In the last video, I mentioned that merely showing raw sales amount didn’t really tell me whether my products sold better or worse in varying temperatures, since there are varying numbers of days of each temperature – perhaps the relatively low sales on Hot days is just because there weren’t many Hot days?

Enter DAX measures, a PowerPivot feature on par with relationships, slicers, and mashups.  But you might overlook them on a casual tour through the PowerPivot for Excel addin, since they live behind a single ribbon button.

DO NOT OVERLOOK DAX MEASURES!  There is literally a world of power lurking there.  I want to make absolutely sure that you grasp them – both their power as well as the “how to,” so I will spend the next couple of posts on them.

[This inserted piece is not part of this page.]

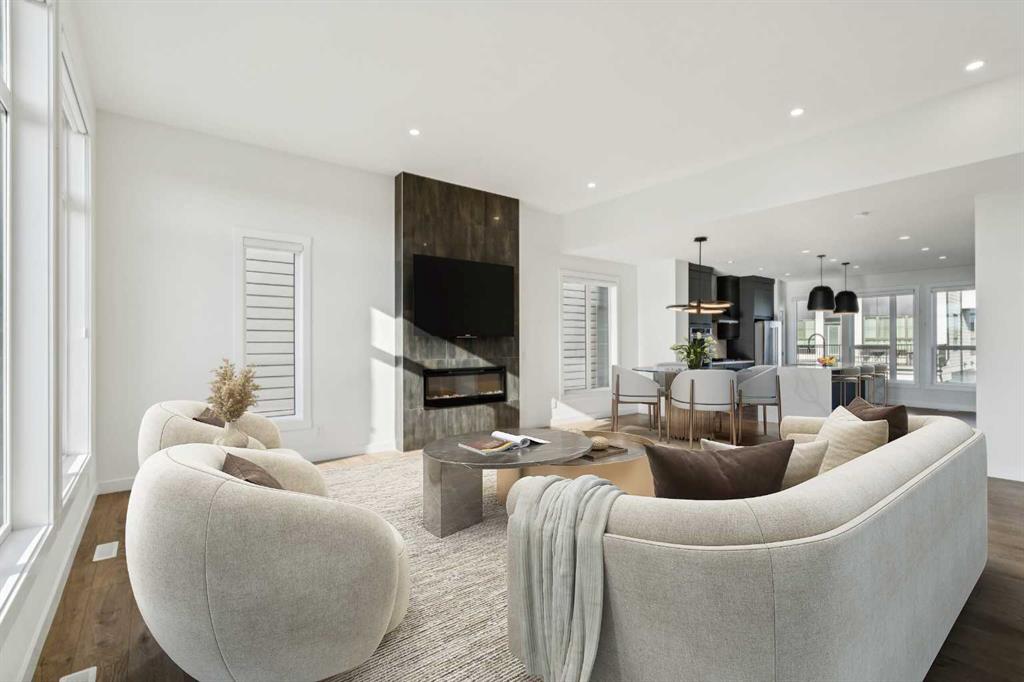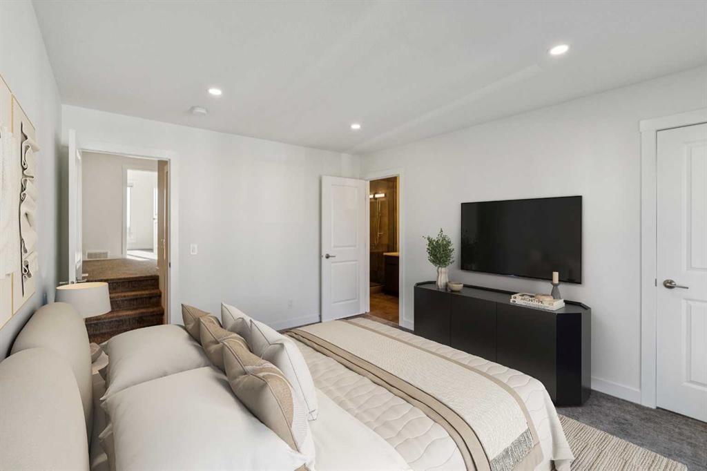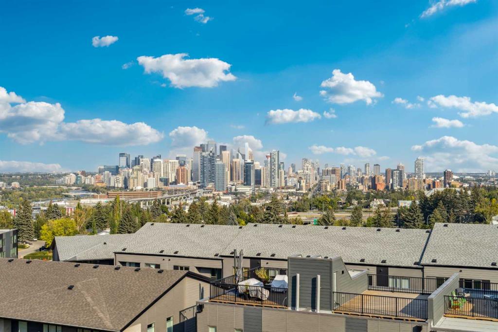 OPEN HOUSE SUNDAY FEBRUARY 15TH 12-2P.M. Perched at the highest point in Crown Park with the BEST VIEWS in the complex, this sophisticated Rouge walk out end-unit townhome was one of the first sold by the developer, offering a rare blend of urban convenience, contemporary design and DIRECT CITY SKYLINE VIEWS FROM 3 LEVELS setting it apart from other units (NO GST!). Steps from walking paths, parks, the Bow River, and LRT access, this home places the best of the city and nature right at your doorstep. A private east-facing front patio overlooks the community’s expansive green space and beautifully maintained raised garden beds — an inviting introduction to the lifestyle that awaits. Inside, the entry-level welcomes you with a flex space ideal for a home gym, office, or studio, as well as access to a private double attached garage with additional storage. Ascend to the main living level, where soaring ceilings and a sun-drenched open floor plan define the heart of the home. The chef-inspired kitchen features a premium stainless steel appliance package, sparkling quartz countertops, and a waterfall island. A stylish adjacent bar area, complete with wine fridge and additional cabinetry, is perfect for entertaining and crafting your signature cocktail. The dining room serves as the hub for hosting memorable meals, while the spacious living room centers around a sleek linear gas fireplace ready with TV wall mount already installed. Step out onto the east-facing balcony, with full city views, overlooking the community’s tranquil green space—perfect for morning coffee or evening unwinding. On the upper level, discover three well-appointed bedrooms, a bonus flex area, and convenient upper laundry. The primary suite features a 4-piece ensuite and walk-in closet, while two additional bedrooms share a beautifully designed 3-piece bath. The central bonus area offers a perfect spot for a kids’ play area, study nook, or cozy reading lounge. But the true showstopper awaits above — the private rooftop patio. With the best direct views of Calgary’s downtown skyline to the east when sitting and enjoying the sun and glimpses of the west, this incredible outdoor living space is your personal retreat to watch both sunrises and sunsets in style. This energy-efficient home is thoughtfully designed and EnerGuide-rated, seamlessly blending luxury with sustainability. Located in a community that connects urban living with natural beauty, you’ll enjoy access to the Douglas Fir and Quarry Trails, dog-friendly parks, boutique fitness studios, and some of Calgary’s top dining and entertainment spots. With Bow Trail and the LRT just minutes away, you're effortlessly connected to downtown and the mountains alike. Whether you're entertaining guests, working from home, or escaping to the rooftop to soak in the skyline, this Crown Park masterpiece offers an elevated lifestyle in one of Calgary’s most dynamic new communities.
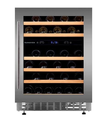 Dunavox Flow 46D, cantinetta vino sottopiano, acciaio inox, DAUF-46.145DSSDunavox Flow 46D, cantinetta frigo per vino sottobanco in acciaio inox DAUF-46.145DSS, capacità: 46 bottiglie (0,75 l Bordeaux), design interno: ripiani telescopici in legno e illuminazione interna a LED , cerniera porta reversibile ...

First, a word about videos vs. text and screenshots

Awhile back I asked for feedback on which format was preferred – text and screenshots, or videos.  Videos got more votes, by about two-to-one.  But my text-and-screenshot posts are getting more views than my video posts.

Clearly, those of us who are too busy to watch videos are also too busy to respond to surveys :)

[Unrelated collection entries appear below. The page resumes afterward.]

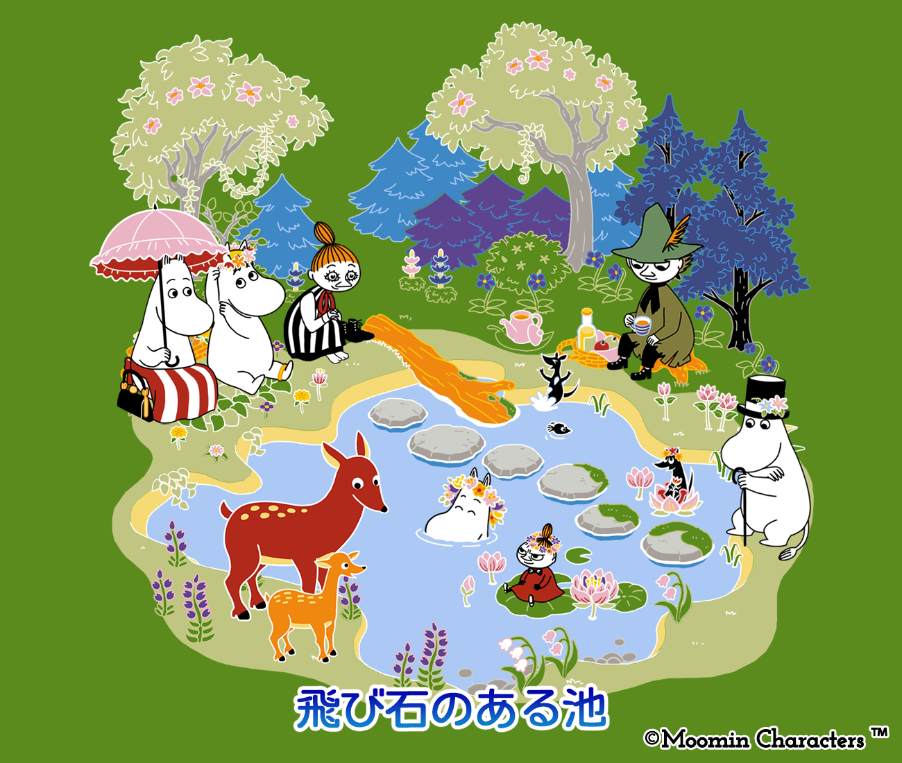 ムーミン箱庭アプリ、4月イベント!限定デコ「飛び石のある池」
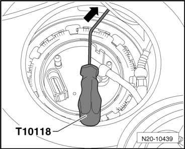 - Disengage the connector - arrow - on the fuel pump control module (J538) using the assembly tool (T10118) and remove it.
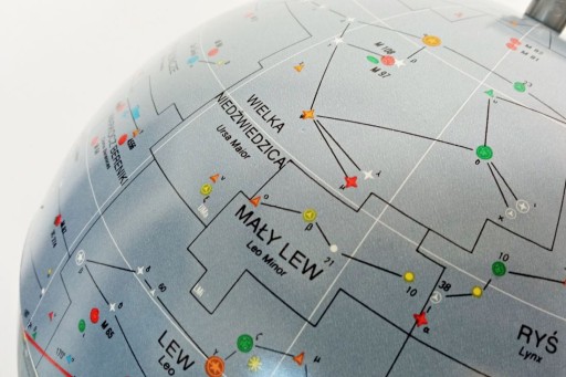На глобусі видно сузір’я. Позначено класифікацію спектрів зірок, їх типи, зоряні величини, знаки зодіаку та астрономічні об’єкти, відмінні від зірок (зоряні скупчення, галактики, туманності тощо).
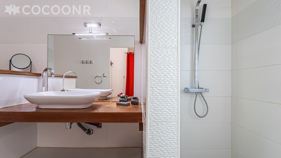- Chambre 1 : avec un lit queen-size (160×200), une salle d'eau attenante avec douche
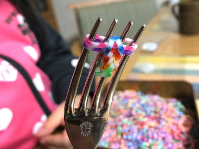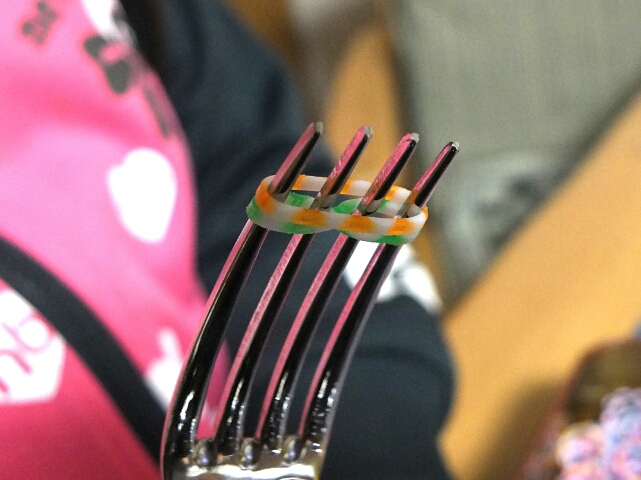 まずはフォークに輪ゴムを「8の字」にかけて
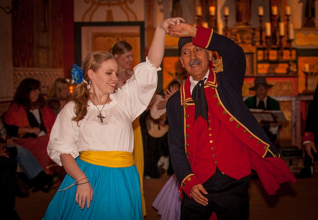 Exciting things are happening for Baile de California in 2015! Company rehearsals for our folk/social dances begins TODAY, Jan. 5th. We are prepping for February’s 1st Thursday event, Presidio Pastimes by Candlelight, Thurs., Feb. 5th, 5-8 pm, at El Presidio de Santa Barbara. This is always a fun event with opportunities to see what Presidio life would have been like at the end of the day over 200 years ago. Photos by Fritz Olenberger.
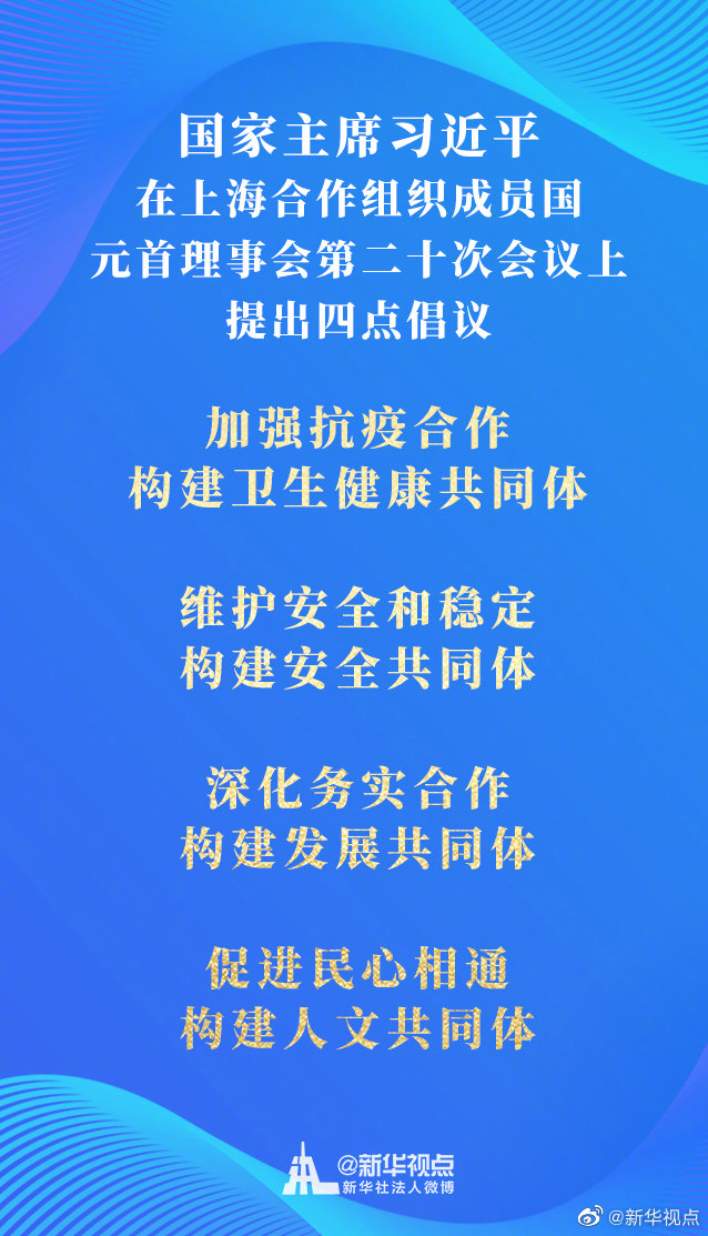 海報 | 習(xí)近平主席在上海合作組織成員國元首理事會第二十次會議上提出四點(diǎn)倡議
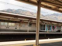 そばの阪急王子公園駅、ホームにはパンダキャラクターの絵が多い
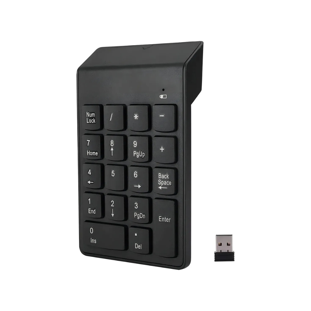 Teclado numérico inalámbrico de 18 teclas con mini receptor USB de 2.4G.18 teclas de tamaño completoCon 18 teclas silenciosas de tamaño completo, el teclado numérico inalámbrico es fácil de identificar, ayuda a obtener una entrada de datos numérica rápida y precisa. Incluyendo tecla de retroceso, bloqueo numérico, Entrar, Página abajo, Página arribaInalámbrico de 2.4 GHz, Plug & PlayEl teclado numérico para portátil adopta tecnología inalámbrica avanzada de 2.4 GHz, plug and play con mini receptor USB, transmisión de datos rápida, sin demora y sin caton. Las distancias de trabajo son de hasta 33 pies (32.8 ft).Diseño ergonómico de 15°La gran inclinación ergonómica hace que esta unidad USB sea perfecta para uso todo el día sin fatiga o molestias en la muñeca. Las teclas de perfil bajo pueden ayudar a reducir el ruido de escritura para una experiencia de trabajo cómoda y silenciosa.Delgado y compactoEl teclado externo para portátil es elegante y delgado y bastante ligero por su tamaño, lo que es bastante práctico de llevar contigo. Utilice la batería AAA (no incluida) para la alimentación, conveniente y confiable.

I respect that – personally I think I prefer to consume text and screenshots over videos.  A video seems like a commitment, whereas scanning text is on my terms, even if on net I spend the same amount of time on either.  So here is my new philosophy, always subject to revision:

  1. I’m going to use videos whenever I am introducing something new, that benefits from the explanatory power of video
  2. Quick tips and tricks, as well as “power” techniques – I think I’m going to lean toward text and screenshots for these, unless it’s an in-depth technique
  3. Even when I use video, I’m going to try to summarize the content of the videos – not as an attempt to replicate their content, but more as a table of contents so you know why I think it’s worth your time to watch the video

So, I’ll share the videos first, and a summary after.

The Videos

 

 

(These are the fixed versions from 11/24/09)

Videos Summary

  1. Quick demo of conditional formatting and number formatting, and how surprisingly impactful they are
  2. The DAX Measure Dialog
  3. Qty per Day can be calc’d using =SUM([Quantity]) / COUNTROWS(RELATEDTABLE(DimDate))
    1. Simple formula, but how does it work?  Please consult…
  4. …The Five Golden (and Simple) Rules of DAX Measures
    1. Home Table = The table where the numeric columns are
    2. Columns always wrapped in aggregation functions like SUM()
    3. Calcs always are working against the source tables, not the pivot report
    4. Two phases:  Filter, then Calculate
    5. Think of things as if they happen cell-by-cell
  5. Once you grasp those, you can suddenly do AMAZING things

The temperature data from last night’s video

November 13, 2009

Just a reminder that the temperature data I used in last night’s video is available here.  Have fun :)

(I’ll post the full PowerPivot workbook, too, once CTP3 is released).